The input:

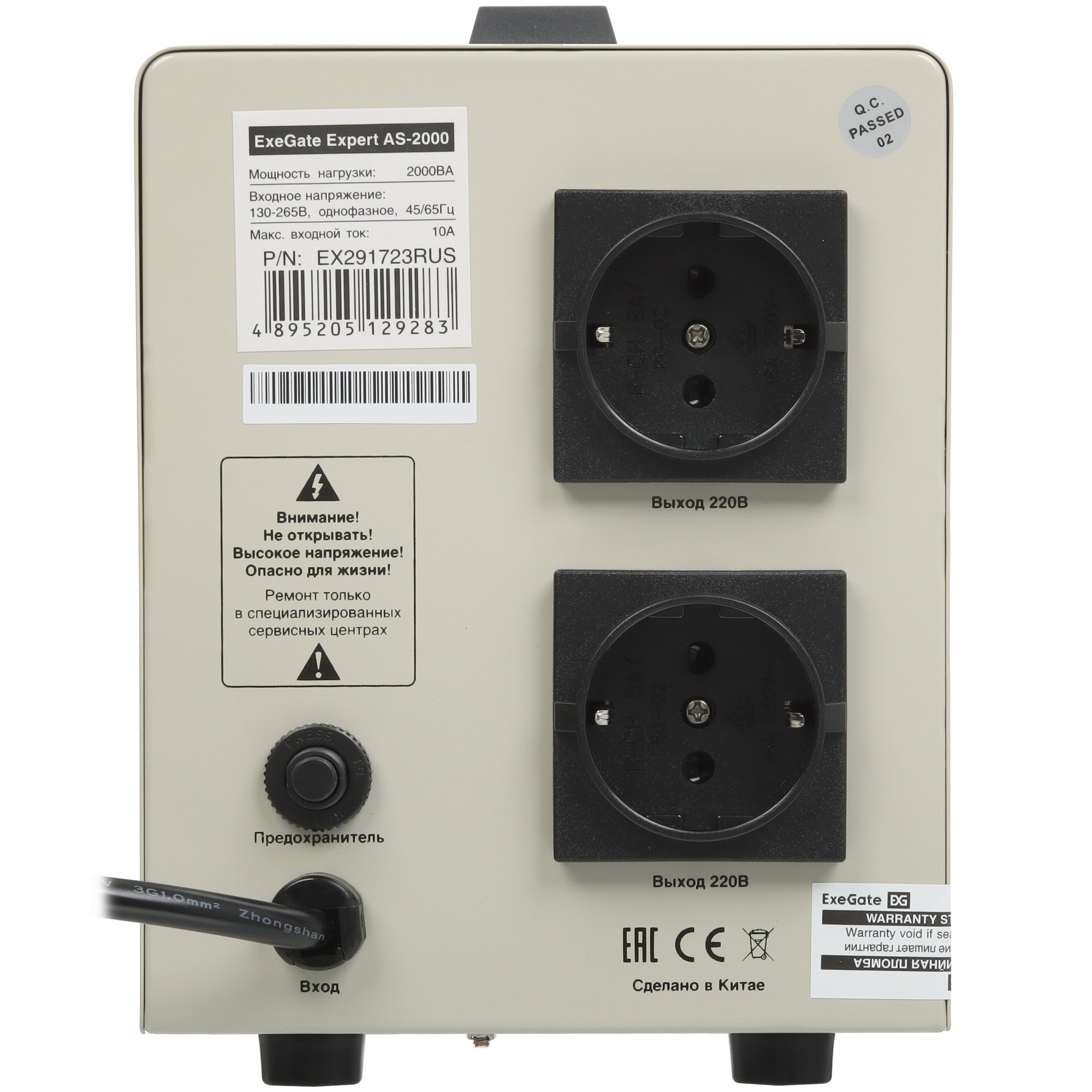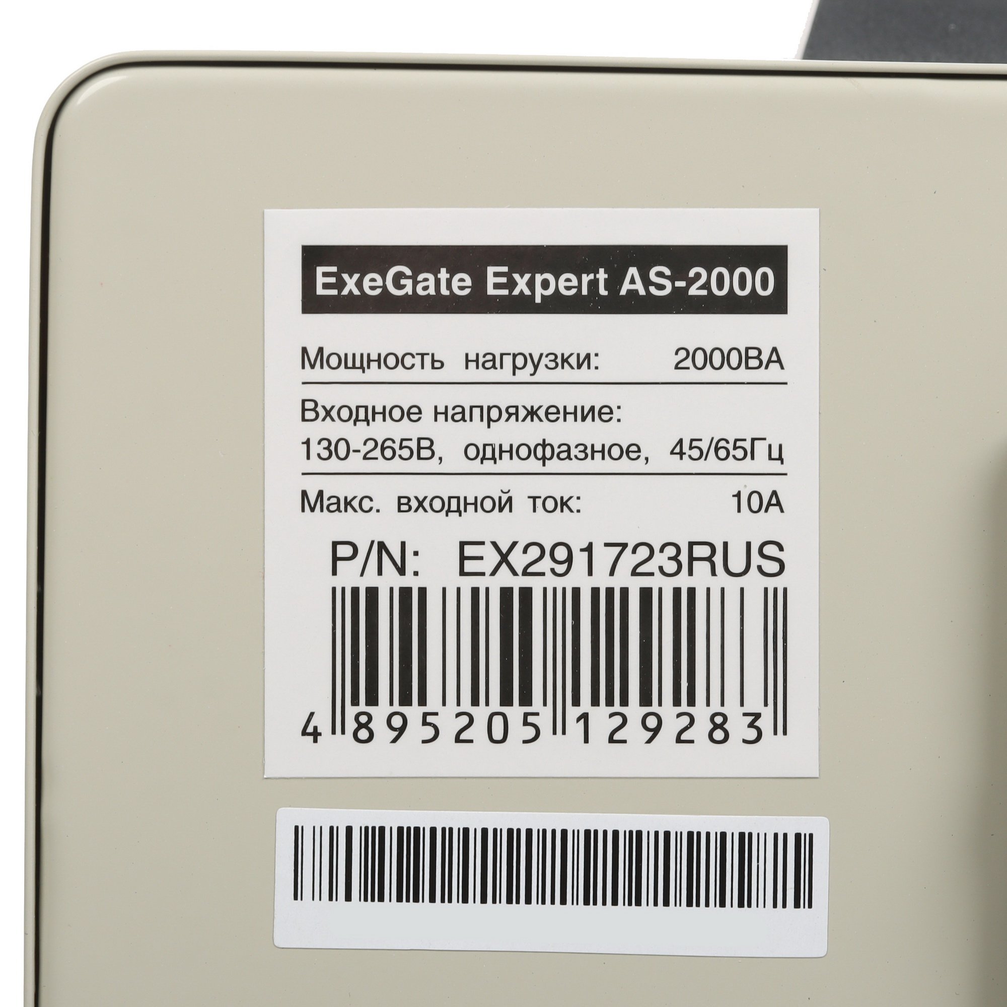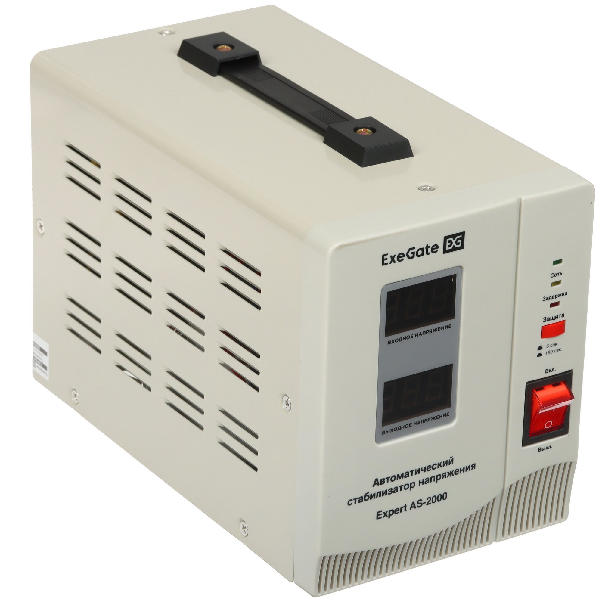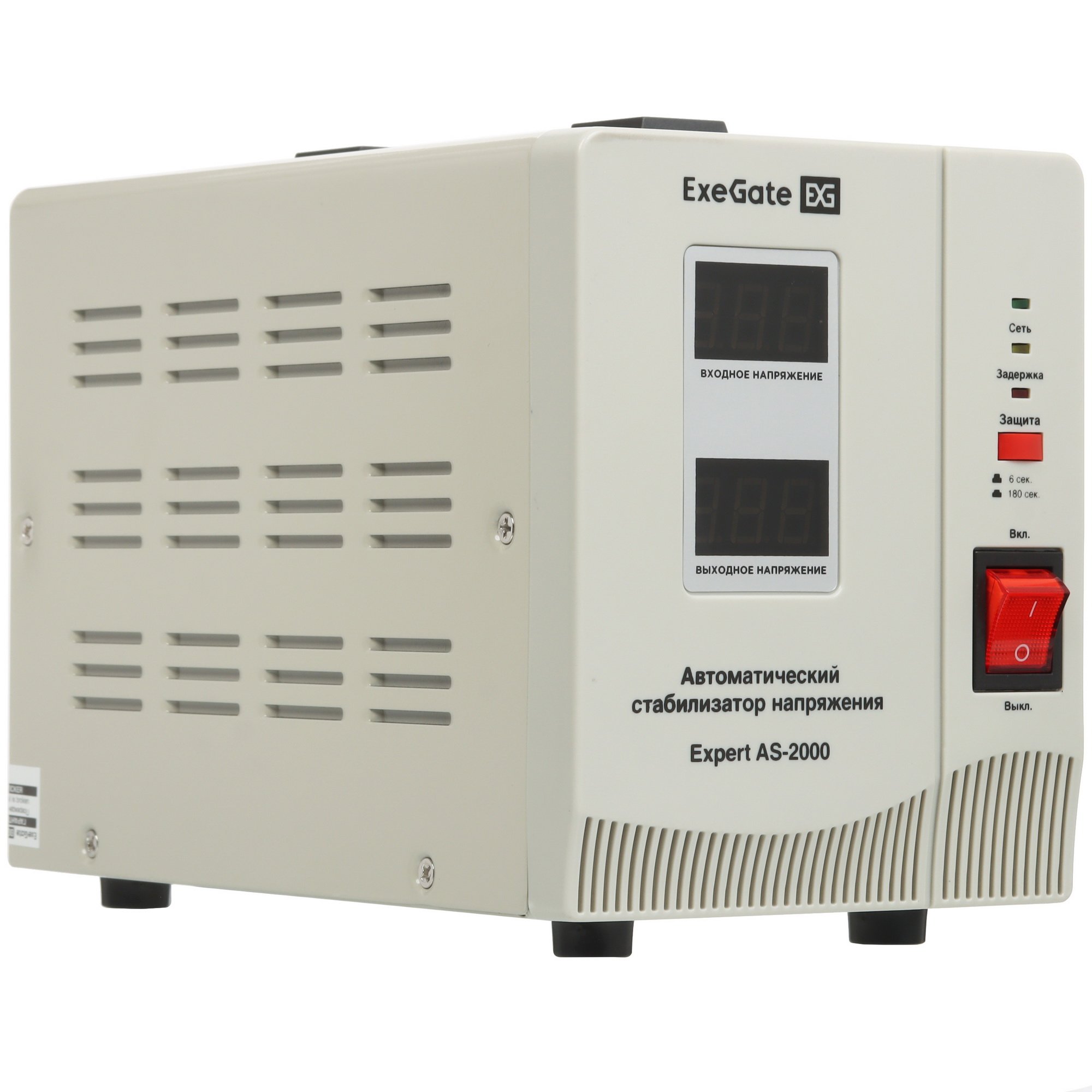 Стабилизатор напряжения ExeGate Expert AS-2000 (2000ВА, вход 140...260В, двойная цифр. индикация вход/вых. напряжения, выход 220В±8%, КПД 98%, 5 уровней защиты, задержка, метал. корпус, 2 евророзетки, RTL)
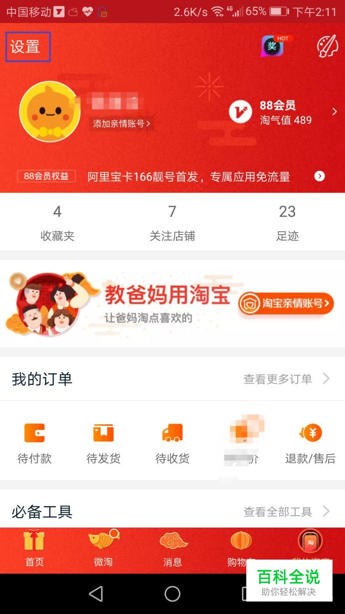 打开手机淘宝app,切换到"我的淘宝"页面。
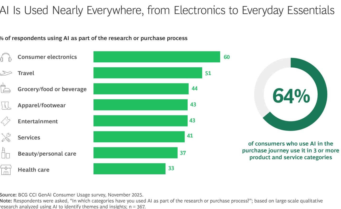 Shoppers used Gen AI across categories—not just special, big-ticket items, such as consumer electronics, but also routine, everyday purchases, like groceries.
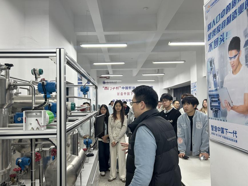 最后,指导教师带领大家走进学院西门子竞赛实验室,并就各赛项的比赛设备进行介绍和答疑。现场学子认真听取教师讲解,不时交流讨论,部分同学还拿出笔记本记录。本次参观过程氛围轻松热烈,同学们对竞赛设备有了更直观的认知。
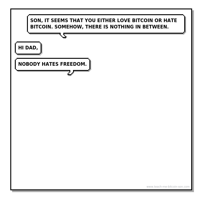 Dad: Son, it seems that you either love Bitcoin or hate Bitcoin. Somehow, there is nothing in between.
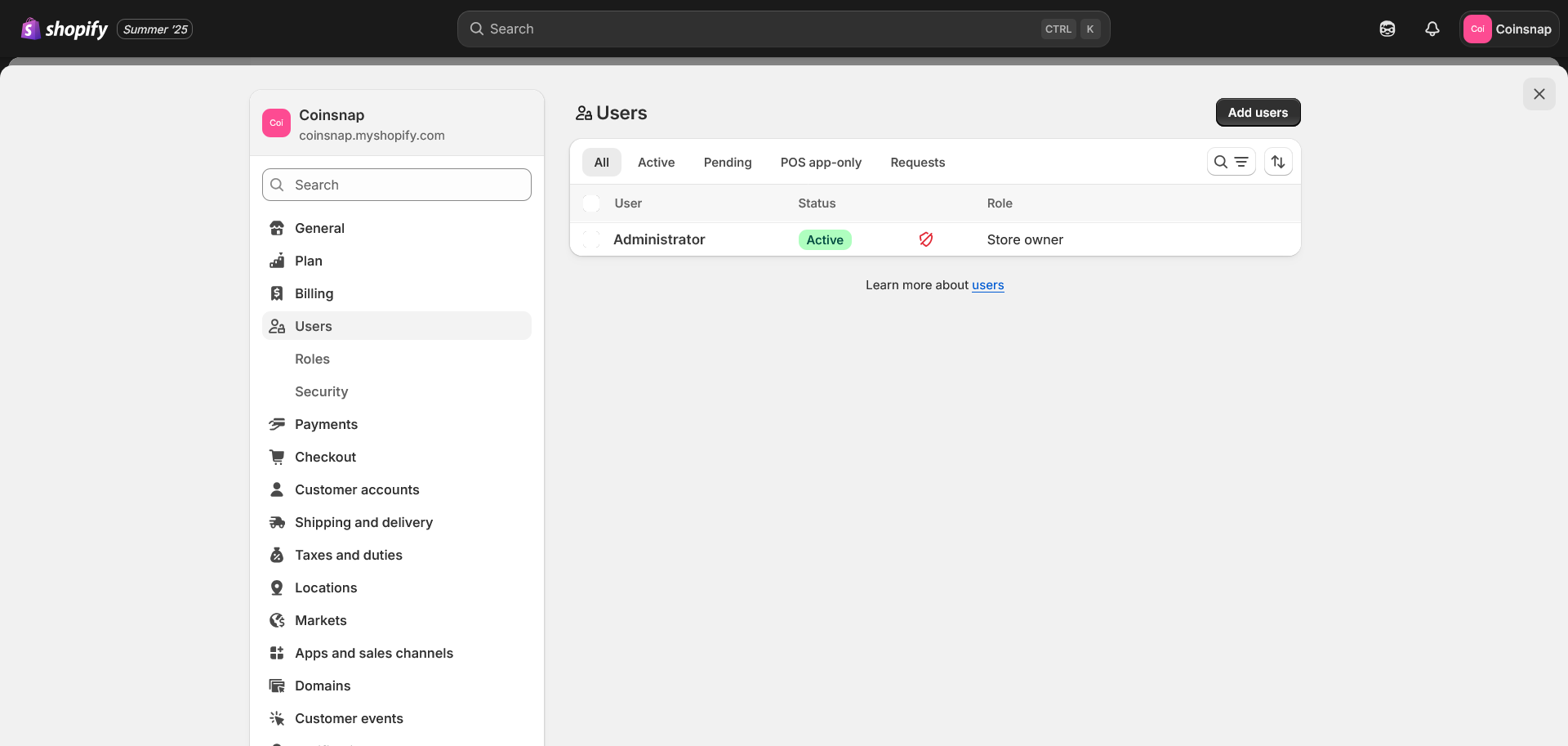 To receive Bitcoin in your Shopify store, you have to connect the Coinsnap for Shopify Bitcoin payment app with your Shopify store.

Task to complete: Return the records word for word, leaving every picture out of the copy.

Response below:
 Стабилизатор напряжения ExeGate Expert AS-2000 (2000ВА, вход 140...260В, двойная цифр. индикация вход/вых. напряжения, выход 220В±8%, КПД 98%, 5 уровней защиты, задержка, метал. корпус, 2 евророзетки, RTL)
 打开手机淘宝app,切换到"我的淘宝"页面。
 Shoppers used Gen AI across categories—not just special, big-ticket items, such as consumer electronics, but also routine, everyday purchases, like groceries.
 最后,指导教师带领大家走进学院西门子竞赛实验室,并就各赛项的比赛设备进行介绍和答疑。现场学子认真听取教师讲解,不时交流讨论,部分同学还拿出笔记本记录。本次参观过程氛围轻松热烈,同学们对竞赛设备有了更直观的认知。
 Dad: Son, it seems that you either love Bitcoin or hate Bitcoin. Somehow, there is nothing in between.
 To receive Bitcoin in your Shopify store, you have to connect the Coinsnap for Shopify Bitcoin payment app with your Shopify store.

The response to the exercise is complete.